Terrorism in particular provides important insights into the complicated process by which national courts address international crimes. The drafters of the 1998 Rome Treaty that created the ICC chose to leave this crime outside its ambit, a political decision that partly reflected the difficulty in defining terrorism, an essential step in criminalizing a practice. This decision, controversial at the time, prevented the international community from turning to criminal law in response to the attacks of 9/11 and the rise of such global terrorist networks as al-Qaeda. Thus, there is no legal basis for a truly international response to the crime of terrorism, which is today largely addressed through national court structures; and, consequently, responses to terrorism remain mingled with national agendas and interests. Yet, clearly, terrorists have been held, tried, and punished in a wide range of contexts, some less in accordance with the rule of law than others (for example, at Guantanamo Bay). One recent attempt to address an international terrorist incident through a national political structure—wherein a convicted terrorist was released by Scottish authorities—reveals the inherently political nature of crime and punishment.

Lockerbie

On August 20, 2009, the Scottish justice secretary, Kenny MacAskill announced his decision to release Abdelbaset Ali Mahmud al-Megrahi of Libya, who was convicted of murder in relation to the terrorist bombing of Pan Am Flight 103 over Lockerbie, Scotland, on December 21, 1988. Secretary MacAskill justified his decision on compassionate grounds, noting that al-Megrahi suffered from terminal prostate cancer and was facing imminent death according to doctors attending him in Scotland.

The fact that the crime for which al-Megrahi was punished took place on an American airliner over Scottish skies made this an international issue.

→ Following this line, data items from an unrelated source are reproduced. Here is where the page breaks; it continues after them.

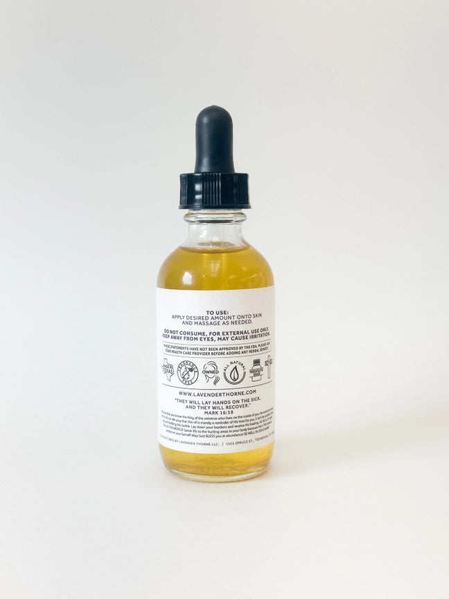Ingredients: Organic Avocado Oil, Organic Vitamin E, Wintergreen, Copaiba, Peppermint, Roman Chamomile, Clove, Lavender, Cayenne, Helichrysum, Ginger, and Turmeric (Therapeutic-Grade Essential Oils)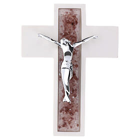 Crucifijo de pared de vidrio de Murano satinado con detalles rosa 16x10,5 cm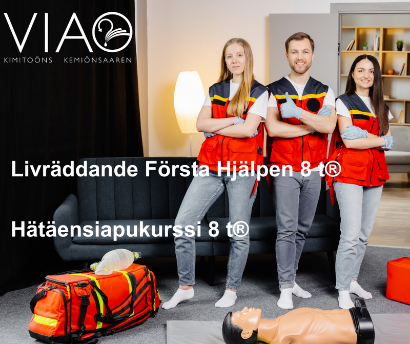 Koulutuksessa opit kattavat taidot ja saat rohkeutta äkillisissä henkeä uhkaavissa ja hätäensiapua vaativissa tilanteissa toimimiseen Tällä kurssilla voit myös yhden kerran päivittää voimassa olevan SPR Ensiapukurssi EA 1® tai SPR Ensiapukurssi EA 2® pätevyyden kolmeksi vuodeksi eteenpäin. Hätäensiapukurssi 8 t® sopii sinulle, kun haluat oppia ensiaputaitoja kotiin, vapaa-ajalle, harrastustoimintaan tai työpaikalle. Kurssille voit tulla ilman aiempaa ensiapukoulutusta. Koulutus koostuu etäopiskelusta (4x45 min) ja lähiopetuksesta (4x45 min). Saat sähköpostiisi koodin jolla rekisteröidyt etäosuudelle. Tämä osuus on mahdollista tehdä omaan tahtiin ja osissa, mutta se tulee olla suoritettuna kokonaan ennen lähipäivään osallistumista. Lähiopetus: 24.3. Kurssimaksuun sisältyy todistus. Ilm. viim. 4.3.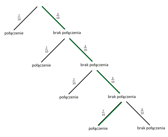 Opisane doświadczenie losowe jest wieloetapowe, wobec czego możesz narysować drzewko. Każdy poziom drzewka będzie odpowiadał kolejnym próbom dodzwonienia się. Ponieważ niedodzwonienie się jest zdarzeniem przeciwnym do dodzwonienia. Więc prawdopodobieństwo nieuzyskania połączenia wynosi 100% – 70% = 30%. Prawdopodobieństwa zapisane jako procenty musisz zamienić na ułamki. Gdy już narysujesz drzewo zaznacz te zdarzenia, których prawdopodobieństwo będziesz liczył oraz wszystkie gałęzie po drodze. Następnie przemnóż przez siebie prawdopodobieństwa na poszczególnych gałęziach.
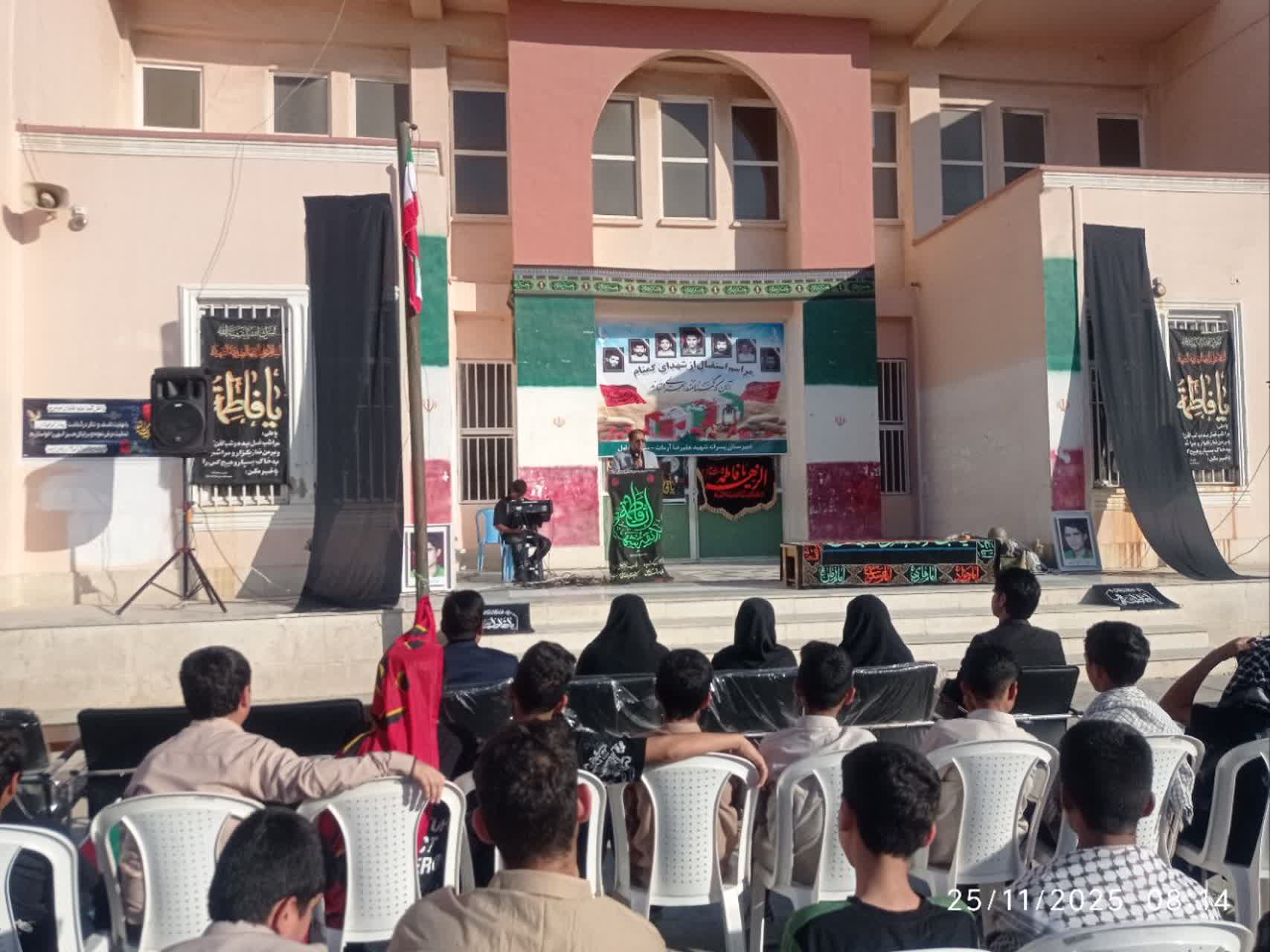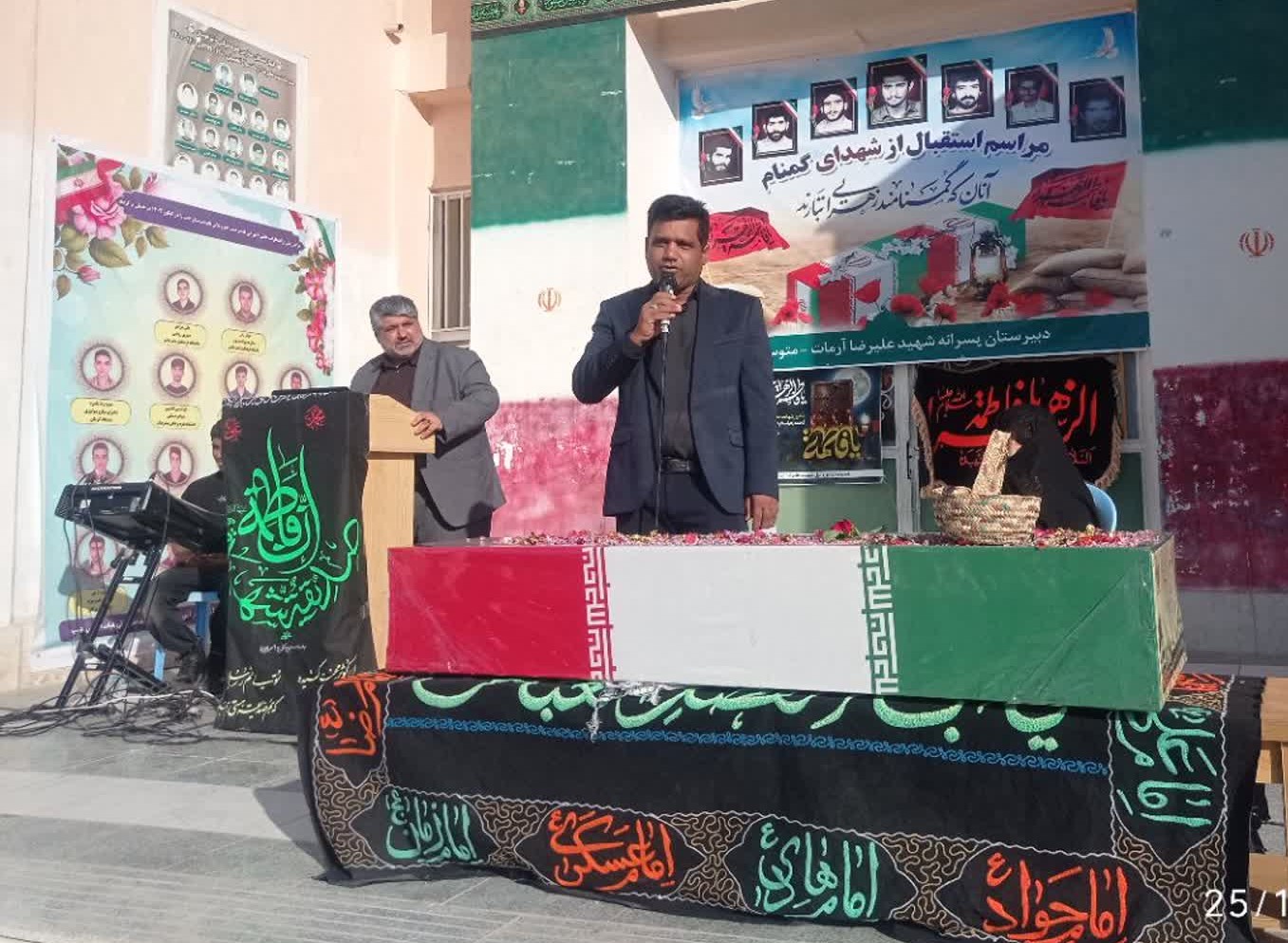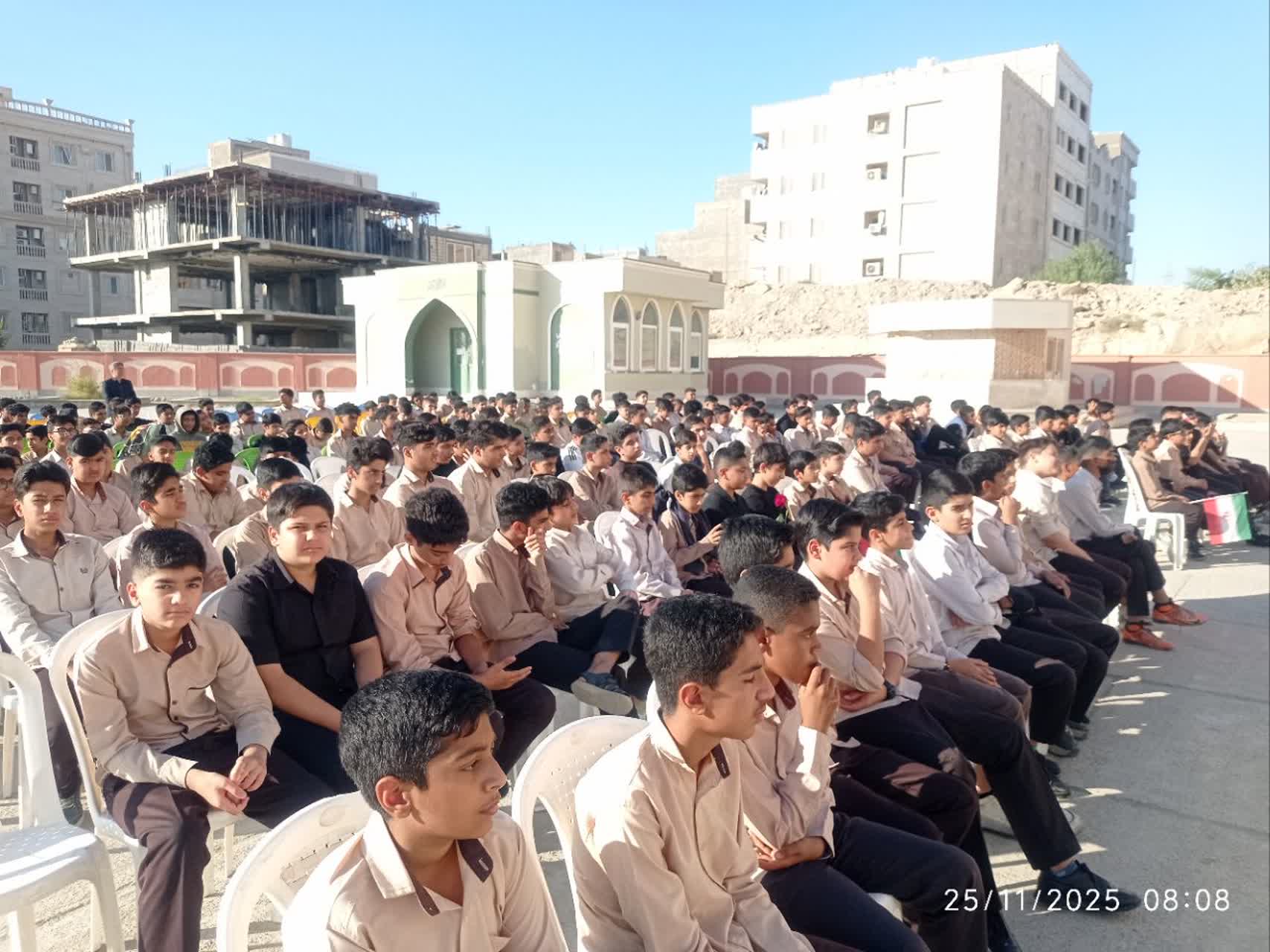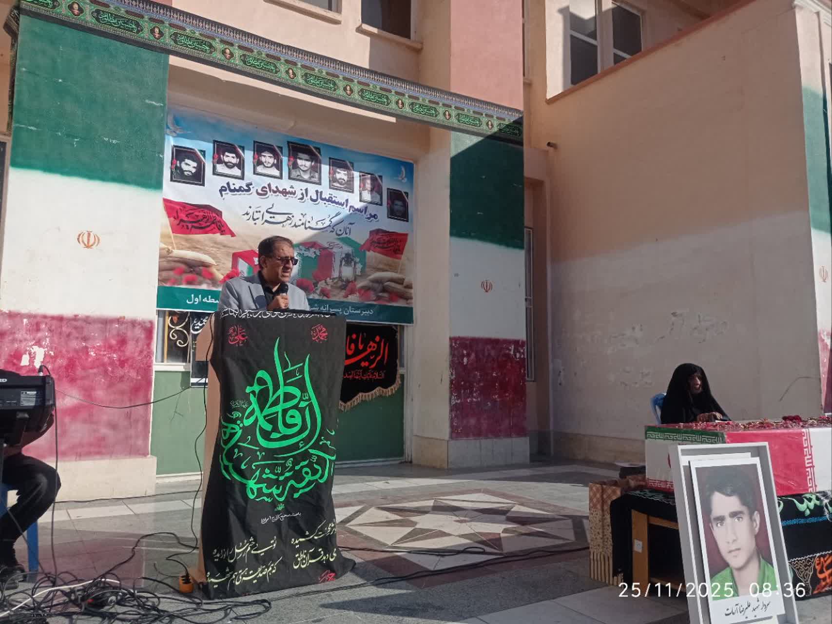 هرمزبان – پیکر مطهر شهید گمنام دفاع مقدس با استقبال پرشور دانش‌آموزان، فرهنگیان و خانواده‌های شهدا در مدرسه متوسطه اول شهید علیرضا آرمات بندرعباس حضور یافت و فضای مدرسه را آکنده از عطر ایثار، معنویت و حماسه کرد.

For a variety of reasons, the process by which he was tried, his sentence, and many of the other details surrounding his prosecution created international political complications. At the very outset, the location of al-Megrahi’s trial became a point of heated dispute among the American, British, and Libyan authorities. Al-Megrahi was living in Libya when he was accused of helping orchestrate the bombing, and the refusal of the Libyan government to put him on trial resulted in sanctions by the United Nations Security Council. After much debate, and prompted by the last-minute intervention of Nelson Mandela with the Libyan leader Muammar al-Gaddafi, two suspects were sent to The Hague, where it had been agreed they would be tried, though by Scottish judges under Scottish law.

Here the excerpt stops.